This co-founder of the Adorno Fathers was born Ascanio dei Caracciolo Pisquizi, in the kingdom of Naples in the year 1563, just as the Protestant revolt was reaching its crescendo. Italy was largely spared its ravages, although other problems assailed the Church, which is semper reformanda est – always in need of reform. Ascanio was chosen by God to lead that reform. As a young boy, he was afflicted with a serious and near-fatal, skin condition. He prayed that if he were cured, he would devote his life to God – and cured he was, apparently miraculously.
So Ascanio began studies for the priesthood, and was ordained in 1590. A letter intended for another priest by accident was delivered to him, urging the founding of a new religious order of priests. Father Ascanio took this as a sign, and so helped found a new order, of the ‘Clerics Regular Minor’, who besides the three vows of religion, took a fourth vow of never seeking dignities within or outside the Order.
They were also one of the most ascetical ways of life in the Church – with perpetual adoration of the Blessed Sacrament by rotation, along with rotating penances – one member taking the discipline, another fasting on bread and water, another wearing the hair shirt.

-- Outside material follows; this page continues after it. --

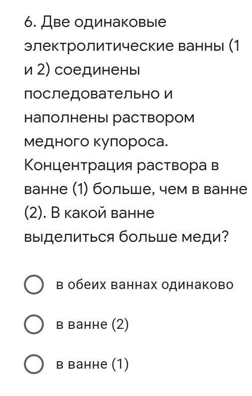 Две одинаковые электролитические ванны (1 и 2) соединены последовательно и наполнены раствором медного купороса. Концентрация раствора в ванне (1) больше, чем в ванне (2). В какой ванне выделиться больше меди?

Father Ascanio adopted the name ‘Francis’, in honour of the saint, and devoted the rest of his life to the work of his Order – not least adoring, preaching and hearing confession. He would spend whole nights before the tabernacle, repeating ‘zeal for thy house has consumed me!’. When they exhumed his apparently incorrupt body after his death, these words were found inscribed around his heart (!).
His blessings would result in miraculous healings; he could read souls and hearts; and he converted we know not how many. For eight years (1593 – 1601) he was appointed Superior General of his order, and in the midst of it all, he kept up his regular chores, sweeping, cooking (he is patron saint of Italian cooks).
Worn out by his intense life, Father Francis died at the age of 44 on this June 4th in 1608, his final words were to exclaim, ‘Let us go! Let us go to heaven!’. Would that we could all say the same in our final moments. But I fear – at least in my own case – that our compromise with the world will entail, shall we say, a more circuitous route. Would that we could all have but a smidgen of the zeal of Father Francis Caraciollo! What a Church and world this might be!
Father Caraciollo was canonized by Pope Pius VII – the one who stood against Napoleon – on May 24, 1807. We can but pray that his example be more widely known, and his intercession mor fully sought.
Saint Francis Caraciollo, ora pro nobis!